第2章 亜人の国 9話 魔王と亜神とエージェント③
~Side ブレド~
ギャラリーが巻き添えにならないと見なした距離で、ブレスを放った。
直撃すれば、奴は終わる。
いや···何かが、おかしい。
「!」
斜め後方から、微かな気配が読み取れた。
先ほど、ネルシャンに使った瞬間移動か?
だが、一度見せた技が何度も通用するとは思うなよ。
竜人には、第六感とも言うべき察知能力があるのだ。
すぐに体ごと反転し、ブレスを気配に向けて放射する。
捉えた。
ぬっ···ブレスを直撃した相手の頭がピカッと光ったぞ!?
まさか···。
その瞬間、腹部に何かが触れ、すぐに背中全体が突き抜けるような衝撃が襲った。
何だ···一体、何が起こったの···だ···。
混乱の中、次には首が圧迫され、そのまま意識を落とした。
~Side タイガ~
ブレドに向けて中指を立てると、奴は激怒したようだ。
ゆっくりと近づく俺にブレスを放ってきた。
だが、中指に注力した奴は、俺が気配を置いて、すでにその場にいないことに気づかなかった。
一瞬の隙。
その間に、ブレドの斜め後方で倒れていたクソソンの体を奴に向けて蹴り上げる。
微かな気配を一緒に乗せて。
ブレドは、想定通りにそれを察知した。
体を反転させて、ブレスを放つ。
『さらば、クソソン。』
俺は身代わりのクソソンがブレスの直撃を受けたと同時に、ブレドの正面に立った。
右足で後方の地面を踏み抜き、膝と腰の回転をその力に乗せる。
軸足となる左足のクッションで、さらにその力を増幅させて、脇に引いた右腕に集束。そのまま気と共に掌底にこめて、ブレドの腹部に触れる。
相手の体内に頸力を浸透させる技。
中国武術の発勁ではなく、日本の古武術が生み出した浸透勁。
"
内部からの衝撃で、鼻や口、耳から血を流したブレドは上体を折る。
俺はその首に腕を回し、頸動脈を圧迫して意識を奪った。
竜人であったとしても息はする。そして、それは頭部にある脳への酸素供給を担うに他ならないのだ。
こうして、真体化した3人との闘いは、俺の圧勝で閉幕した。
周囲は静まりかえっていた。
真体となった3人、特にブレドが敗けるとは思わなかったのだろう。
一見すると、俺はただの人族だ。
獣人よりも、身体能力では普通に劣るという認識のはず。しかも、真体化した3人が、たった1人に完敗したのだ。
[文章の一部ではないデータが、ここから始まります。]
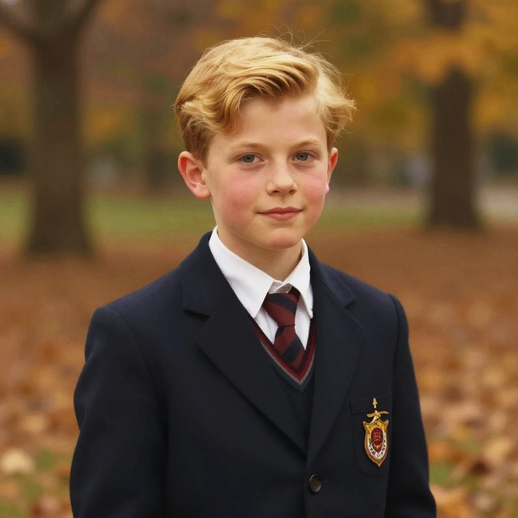 Strawberry blonde boy hair styled neatly, vintage school uniform, autumn park backdrop with falling leaves, warm tones, nostalgic feeling, painterly digital art style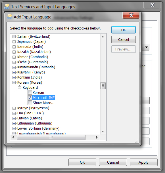 Scroll down to find Korean and check the box for Microsoft IME. Click OK.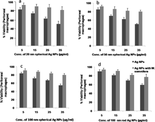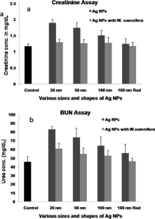 In the present study, toxicity of nanoparticles is evaluated for assessing their effect on liver and kidney. We have synthesized highly mono-disperse spherical and rod-shaped silver nanoparticles using reverse microemulsion and aqueous phase methods. These were characterized by UV–vis spectrophotometer, dynamic light scattering, and transmission electron microscope confirming the formation of different sizes of spherical-shaped and rod-shaped silver nanoparticles (Ag NPs). Acute toxicity of different shapes and sizes of Ag NPs and their modulations by using Withania somnifera were evaluated through biochemical and histopathological changes in liver and kidney tissues of Wistar rats. We also evaluated cytotoxicity in specific murin macrophages through confocal microscopy. Cytotoxicity analysis indicates that median lethal dose (LD50) for 20, 50, and 100-nm size spherical and 100-nm rod-shaped Ag NPs was 0.25, 0.35, 0.35, and 0.35 mg/ml, respectively. We also calculated clinically important protein concentration to illustrate the efficacy of Ag nanomaterials. These studies indicated that 20, 50, and 100-nm spherical Ag NPs (35 mg/kg, 23 days) increased the biochemically important enzymes and substrate levels glutamate oxaloacetate transaminase (GOT), glutamate pyruvate transaminase (GPT), alkaline phosphatase (ALP), creatinine, and urea concentration in serum, showing liver and kidney tissue damage. After 23 days of treatment of Ag NPs (20, 50, and 100 nm spherical), along with W. somnifera, toxicity of Ag NPs significantly decreased and marginalized. However, no significant changes were observed for 100-nm rod-shaped Ag NPs on normal liver and kidney architecture. Given their low toxic effects and high uptake efficiency, these have a promising potential as to lower the toxicity of Ag NPs.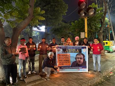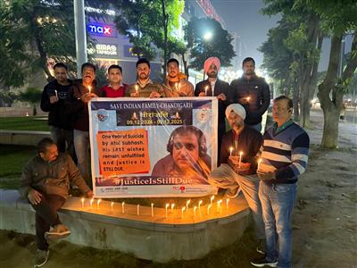 चण्डीगढ़, 12.12.25- :सेव इंडियन फैमिली, (एसआईएफ), चण्डीगढ़ चैप्टर ने अतुल सुभाष की दुखद आत्महत्या की पहली बरसी पर आज एक शांतिपूर्ण मोमबत्ती जलाकर वीरांजलि का आयोजन किया। अतुल सुभाष की मृत्यु ने देशव्यापी विरोध प्रदर्शनों को जन्म दिया था और लंबे समय से चले आ रहे विवादों में फंसे पुरुषों पर पड़ने वाले भावनात्मक और कानूनी दबावों को उजागर किया था।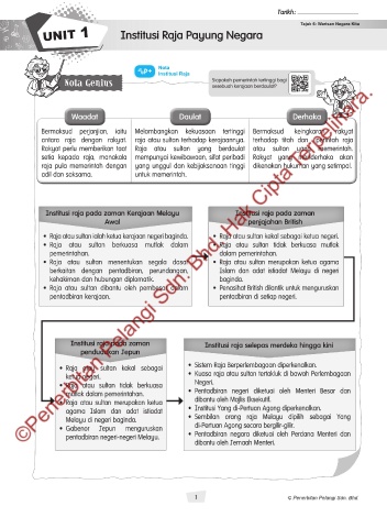 UNIT 1 Institusi Raja Payung Negara Tajuk 6: Warisan Negara Kita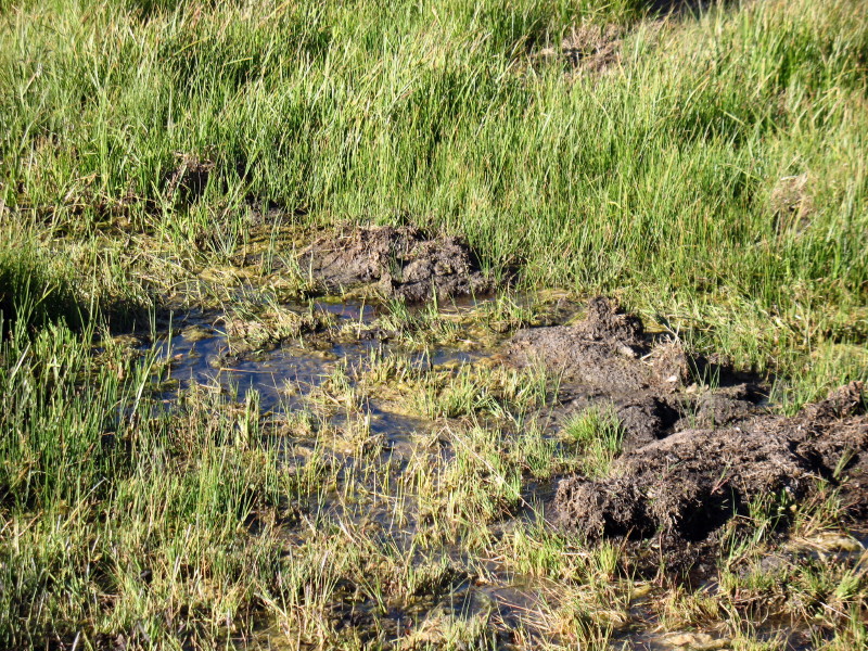 We walk the massive field, finding spring water is creating mushy grasslands in spots. Here after a drought, we’re surprised. We could understand the darker green grasses, but standing water coming up out of the earth is something else. It had been a wet and up here, a snowy winter.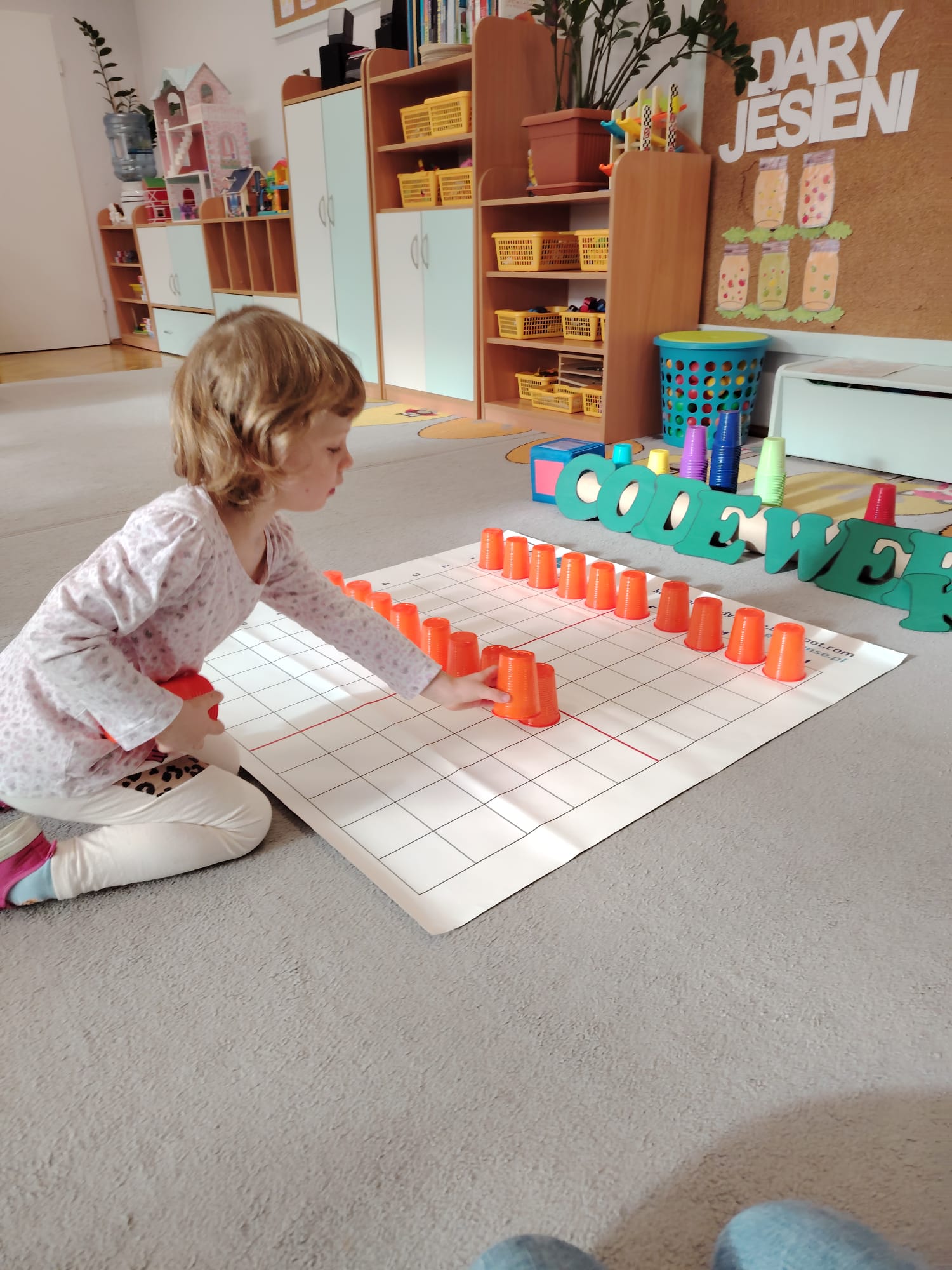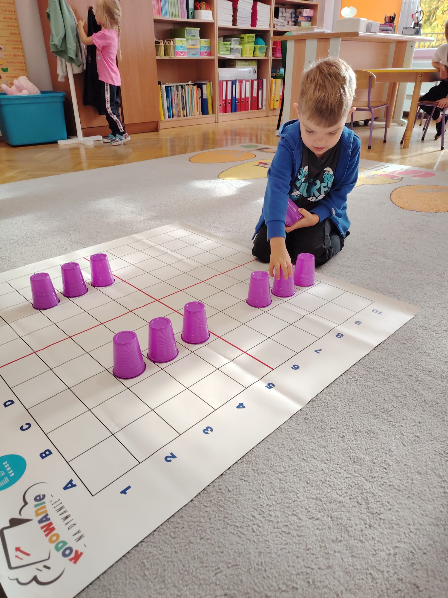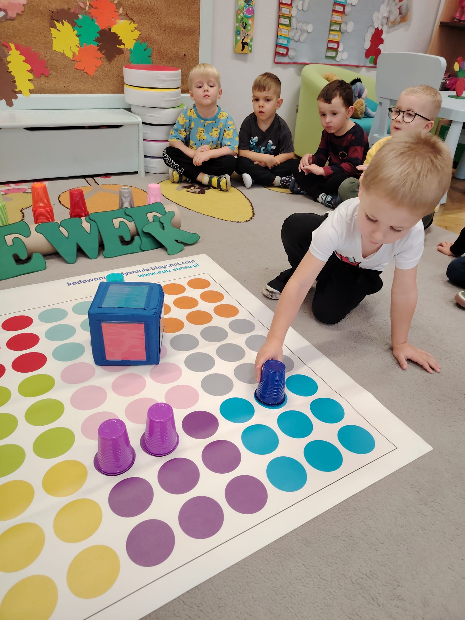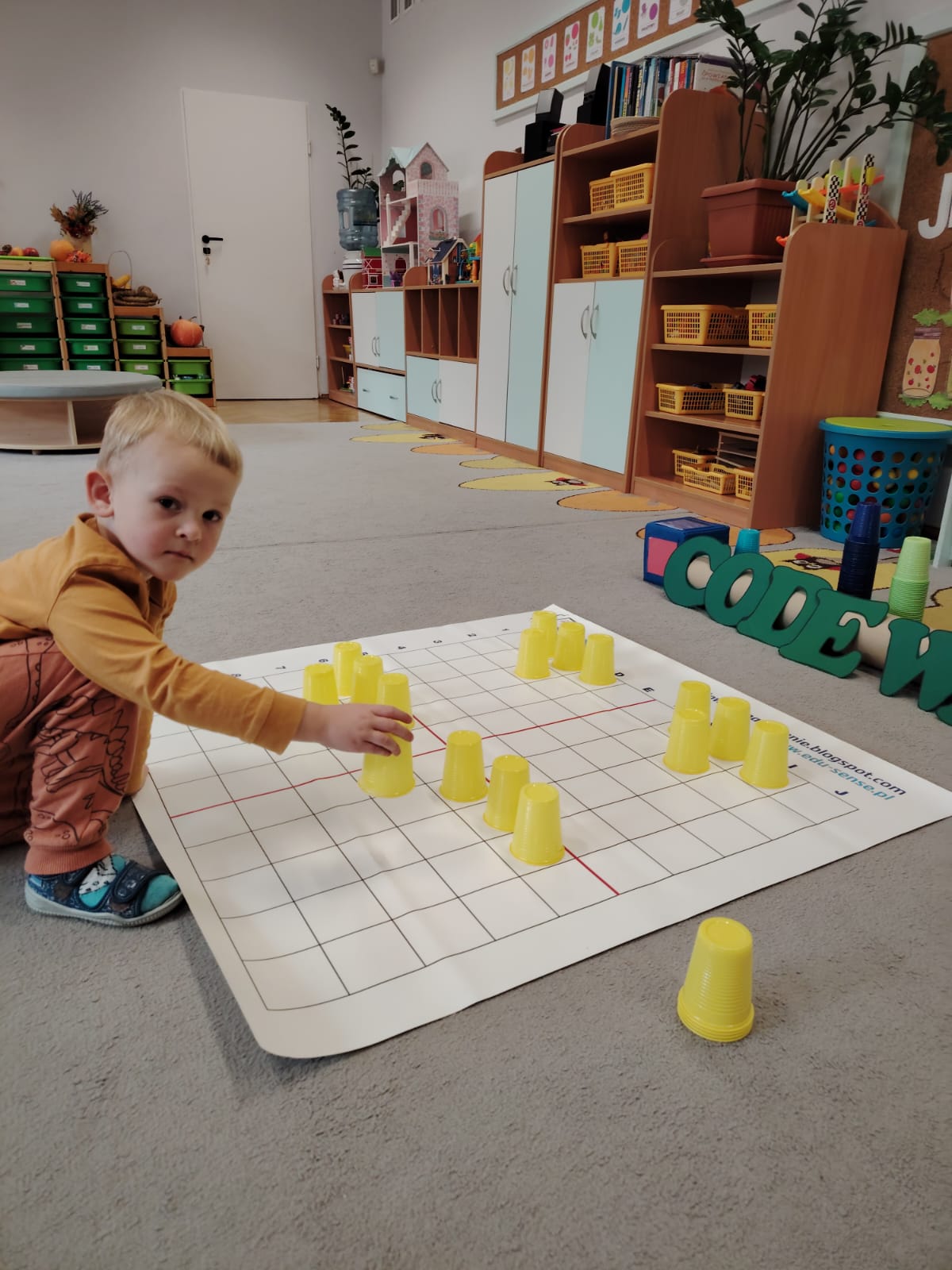 W ramach ogólnoeuropejskiej inicjatywy CodeWeek nasze przedszkolaki z grupy II wzięły udział w wyjątkowych zajęciach wprowadzających w świat kodowania i logicznego myślenia! Patrząc w kalendarz, w grupie II minął już rok pracy z kolorowymi kubeczkami oraz matą edukacyjną. Są to wspaniałe pomoce do opanowania umiejętności układania rytmów, segregowania kolorów, porównywania liczebności zbiorów, doskonalenia logicznego myślenia, ćwiczenia spostrzegawczości wzrokowej. To ekscytująca, wielka przygoda, która w przyszłości ułatwi dzieciom naukę matematyki. Dziś z racji aktualnie trwającego Tygodnia Kodowania mieliśmy nieograniczone możliwości, by dać upust swojej wyobraźni. Pierwszym etapem zabaw z kodowaniem było układanie kubków na macie, zgodnie z podanymi warunkami; odwzorowywanie układów - kodów kubeczkowych, układanie ich pod dyktando- określanie położenia przedmiotów. Następnie tworzyliśmy zakodowane wieże i piramidy. Odkodowaliśmy również jesienne drzewo na tablicy interaktywnej i poszło nam całkiem nieźle. Zajęcia były pełne śmiechu, ruchu i ciekawych wyzwań – a dzieci już nie mogą się doczekać kolejnych przygód z kodowaniem! Do galerii zapraszają przedszkolaki z Białego konika!

不穏なことになる前に、少しケアをしておいた方が良いだろう。
下手をすると、この集落全体で俺を叩きのめそうとする行為に出られるかもしれない。
「ミーキュア、回復魔法が使えたよな?」
「え、ええ。」
ミーキュアは口を開けたままフリーズしていた。それなりにキレイな顔立ちをしているが、その顔では阿保の娘に見えるぞ。
「ブレド達を助けられるか?」
「···やってみるわ。」
一瞬、意外な顔をしたが、すぐに回復を試みてくれるようだ。できれば、クソソンの毛根も回復してやれ。
「タイガ、やっぱり強い。」
ミンに声をかけられた。
瞳がキラキラしているが、これでボコられていた場合は、どんな表情をされていたのだろう。
この娘の言動や行為に、不純なものは見受けられない。
しかし、非常に危険な香りがする。
純粋さは、時に狂気に変わる。
思い過ごしであれば良いのだが···。
「兄貴が敗けるなんて···。」
ボソッとしたつぶやきが聞こえた。
声の方を見ると、猫···いや、虎人族の少女が俺を睨んでいた。というか、俺の衣服を躊躇いもなく燃やした奴じゃないか。ネルシャンの妹かよ。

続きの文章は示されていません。